I ask Grimm why he’s going to keep the case going, apart from his go-to “roll with the punches” answer. Why not go to a college with transgender-inclusive policies, forget about high school, and let the courts resolve the issue at their own characteristically glacial speed? What keeps him going?
“It’s not something I can just run away from, morally or practically,” he says. “This is something that my name is tied to, my face is tied to. It’s going to follow me. And I made that decision early on.”
Grimm had no idea when he addressed the school board that his case would become a key part of the battle for transgender equality. He still finds it surreal that his request to use the boys’ bathroom has been escalated to the nation’s highest judicial body. And when Orange is the New Black Star Laverne Cox did her Grammys shout-out about the Supreme Court case in February, the Grimm family couldn’t believe it—especially Deirdre, his mother.
“My first response was fear because the way I found out about it was my mom shrieking downstairs,” Grimm laughs. “I thought for sure something horrible had happened—the house was on fire, there was a spider in the room, something like that.”
That moment was pivotal. Up to that point, G.G. v. Gloucester County School Board was something that reporters and LGBT advocates were tracking with great interest but, that week in February, Cox brought it directly into millions of homes. Gavin Grimm was on his way to becoming a household name—or at least a popular Google search term.
“My case was still a little bit obscure,” Grimm says. “That brought it completely onto the mainstream stage. It really got people talking [and] it really got people thinking in a way they haven’t before.”

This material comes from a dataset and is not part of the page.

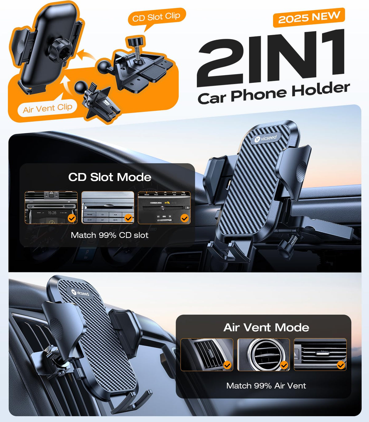 Vicseed Phone Holder Car - Most Stable, Sturdy And Safe, Multi-Function Phone Holder Car Makes Your Hands Free. Vicseed 2025 Ultra Stable Latest Sleek Design Car Phone Mount Cd Slot And Air Vent. Simple But Unique! Really Strong And Durable Car Phone Mount, In Order To Accompany Your Every Journey. The Most Secure Protection Cell Phone Holder Car: Soft Silicone Air Cushions Applied On This Cell Phone Car Mount All Around Provide The Best Protection For Your Expensive Cell Phone, No Scratches. Ultra Stable Phone Mount Car: 2 In 1 Cd Slot, Air Vent Phone Holder For Car Adopted The Latest Process And The Quality Sturdiness Test On The Iphone 15 Pro Max Car Mount, 50X Stronger Than The Normal Ones. Thick Cases Friendly Iphone Car Mount: Vicseed Car Phone Holder Mount Compatible With All 4-7 Inch Cell Phones With Thick Case. The Car Mount For Iphone Fits Perfectly Also Won'T Block Buttons. Flexible And Comfortable Viewing Angle Phone Car Mount: With 360 Degrees Of Rotation Function, You Could Use Navigations In Landscape Mode Or Swivel To Any Angle You Want. One-Touch Quick Release Iphone Holder For Car: One Button & One Hand & One Second Make Easy Operation Happen To This Iphone 15 Pro Max Car Mount. Phone Holder Car, Car Phone Holder, Car Phone Mount, Phone Mount For Car, Cell Phone Holder For Car, Cell Phone Car Mount, Phone Holder For Car, Car Mount For Iphone, Car Phone Holder Mount, Iphone Car Mount, Car Mount, Phone Car Mount, Iphone Holder For Car, Iphone Car Holder, Iphone 16 Car Mount, Iphone 16 Car Holder, Iphone 15 Car Mount, Car Vent Phone Mount, Iphone 15 Pro Max Car Mount, Car Holder For Iphone, Car Holder, Phone Holder For Car Vent, Car Iphone Holder, Cd Phone Holder For Car, Vent Phone Mount For Car, Iphone 15 Pro Car Mount, Car Phone Holder Vent, Iphone 15 Car Mount, Iphone 15 Pro Max Car Holder, Cd Player Phone Mount, Cd Slot Phone Mount, Car Phone Holder Cd Slot Mount, Iphone 14 Car Mount, Iphone 14 Pro Max Car Mount, Iphone 14 Pro Max Car Holder

With that heightened media attention has come more responsibility, Grimm says. He has to talk to curious reporters like me almost constantly, speak at awards dinners, and put up with hateful comments on social media. In our interview, Grimm calls it “a vastly different terrain to navigate than [he] expected but it’s one that [he] signed on for.”
And even though his case has been remanded back to the Fourth Circuit for the time being, transgender student rights will almost certainly end up back before the Supreme Court before too long. Several other cases involving transgender students are currently pending, Block explains, and “unless they all come out the same way, one or more of them is going to—in all likelihood—end up at the Supreme Court.”
“This is an issue that’s going to come back for them sooner or later, and probably on the sooner side,” he hypothesizes.
In the meantime, Grimm is thinking about his future beyond the battle that has defined his high school experience. He is interested in studying genetics after graduation, although he won’t yet disclose where he’s applied for college. I ask him where he sees himself in ten years more generally and he takes a pause.
“Maybe I’ll be a husband, maybe a father,” he says. “It would be nice to have an established career path. I’ll probably have cats, maybe a dog. There’s just no telling. I see myself as happy.”
I ask Gavin how he feels about the fact that people will consider him to have been a “pioneer” or a “hero”—especially among his own generation, which shows vast support for LGBT rights. He is certainly aware that those descriptors have been applied to him, but he doesn’t embrace them.
“I try very hard not to discount what I’m doing but at the same time, when people assign monikers like that to me—’pioneer’ or ‘hero’—I’m still having a hard time getting used to that,” he tells me. “I don’t know that I ever will. And I don’t know that I necessarily agree. I just think that I was sort of doing what needed to be done.”
And most of the time, Grimm is—as he told the school board years ago—just a human being, just a boy. To his friends, he’s not an icon. He’s just Gavin. And teenagers being teenagers, Grimm tells me, they are always at the ready with an insult whenever he does “stupid stuff” like accidentally touch a hot iron.
“Oh yeah, you’re my hero!” they’ll tease him. And they laugh.